THE TASK - From the first line to the last, give the material again exactly, without the images.

SUPPLIED INFORMATION -
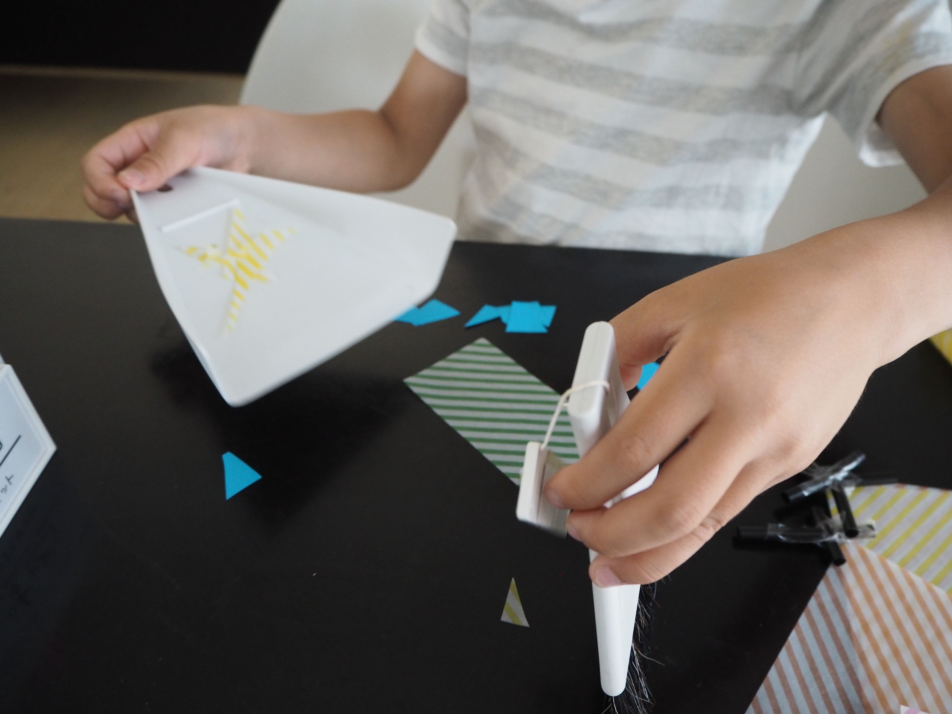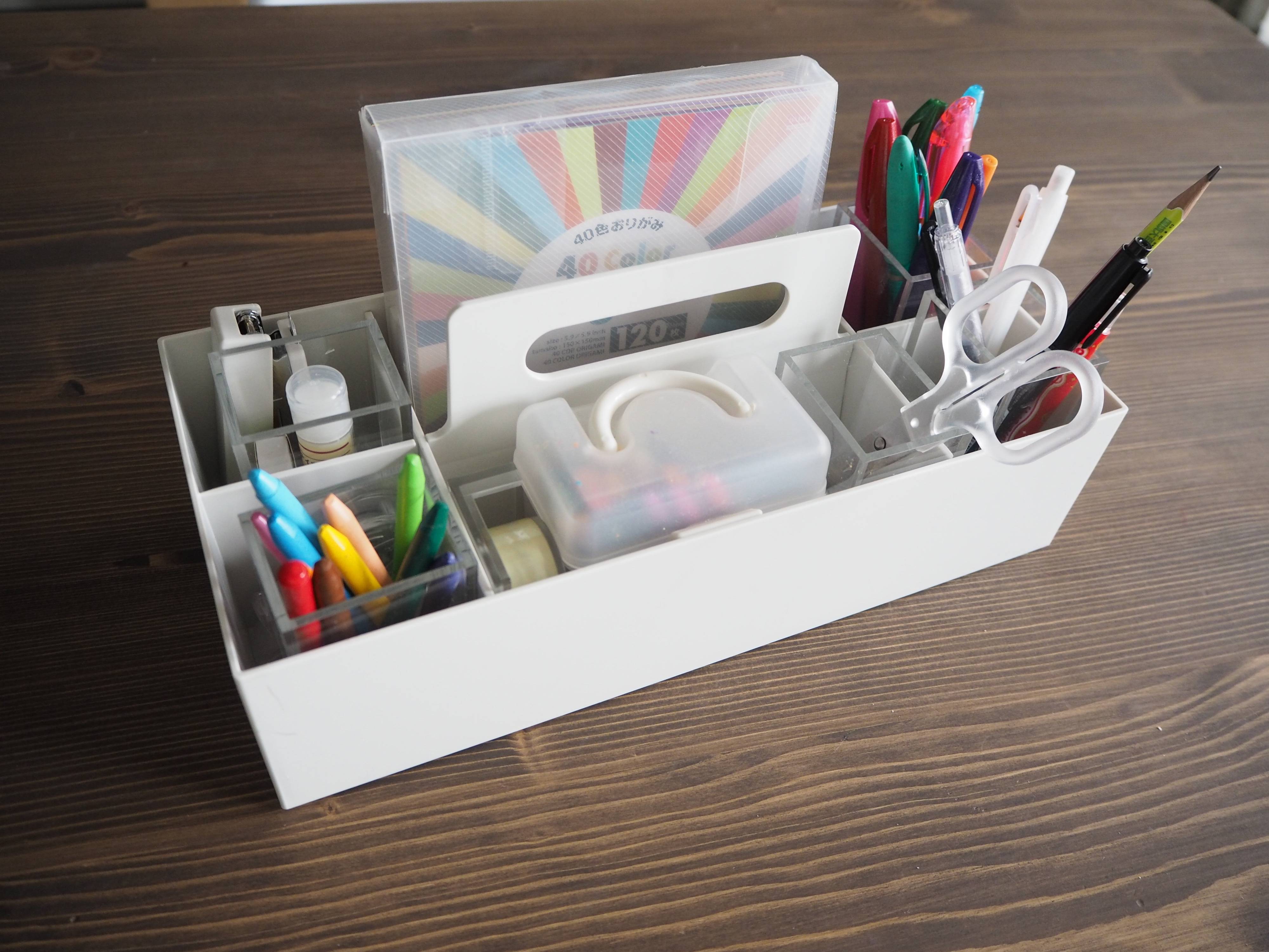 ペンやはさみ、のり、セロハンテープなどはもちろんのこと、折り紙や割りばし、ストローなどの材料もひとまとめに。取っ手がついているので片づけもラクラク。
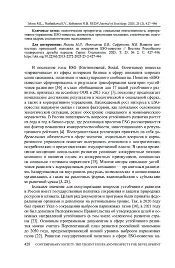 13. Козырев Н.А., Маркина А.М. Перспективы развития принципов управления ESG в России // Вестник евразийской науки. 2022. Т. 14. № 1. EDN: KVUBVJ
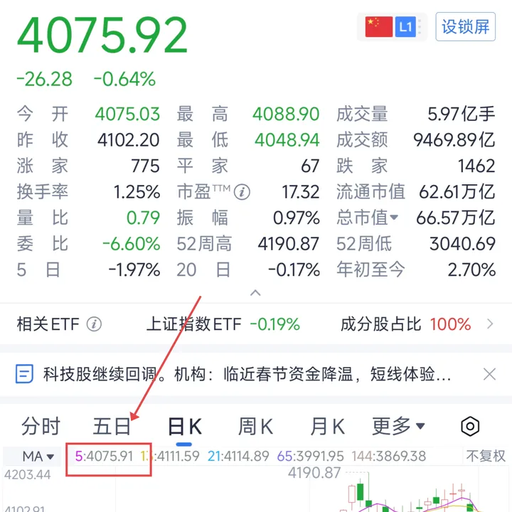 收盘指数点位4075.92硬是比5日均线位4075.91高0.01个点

YOUR RESPONSE -
 ペンやはさみ、のり、セロハンテープなどはもちろんのこと、折り紙や割りばし、ストローなどの材料もひとまとめに。取っ手がついているので片づけもラクラク。
 13. Козырев Н.А., Маркина А.М. Перспективы развития принципов управления ESG в России // Вестник евразийской науки. 2022. Т. 14. № 1. EDN: KVUBVJ
 收盘指数点位4075.92硬是比5日均线位4075.91高0.01个点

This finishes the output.